盛岡タイムス Web News 2011年 4月 29日 (金)

       

■ 〈東日本大震災〉盛岡市へ1200人転入 震災被災者690世帯

 盛岡市によると、震災の被災者で盛岡市内に住所を移したのは20日までに約690世帯、約1200人に上ることが分かった。住民登録(転入)の受付数からの推計で、28日の市議会全員協議会で説明された。一時避難者とは別に親戚や知人を頼って盛岡に身を寄せる被災者が相当数いることが判明した。市内にいる被災者に対して利用できる各種支援制度や補助に関する情報の周知が求められる。

 市民部が震災発生翌日の3月12日から今月22日までに沿岸の被災地から転入した世帯を集計した。3月は202世帯、391人、4月は20日までに260世帯、415人と計462世帯、806人になった。

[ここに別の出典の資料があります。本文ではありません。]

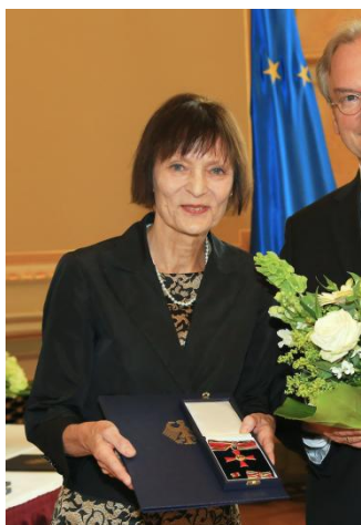
国际主席 International Chair

このうち被災地からの転出証明書のない転入は185世帯、344人いた。

  本県のほかに震災津波の被災地や原発の避難区域関連で宮城県、福島県からの転入もあった。宮城県からは174世帯、260人、福島県からは55世帯、101人いた。

  下長根正則同部長は「仕事の転勤によるものもあるが、8、9割は被災者とみている」と説明。ほかにも住所を被災地から移さないで一時的に親戚や知人宅に身を寄せている被災者もいるとみている。県負担の民間賃貸住宅借り上げ制度を頼り、市内につてのないまま住居を求めて訪れている被災者もいる。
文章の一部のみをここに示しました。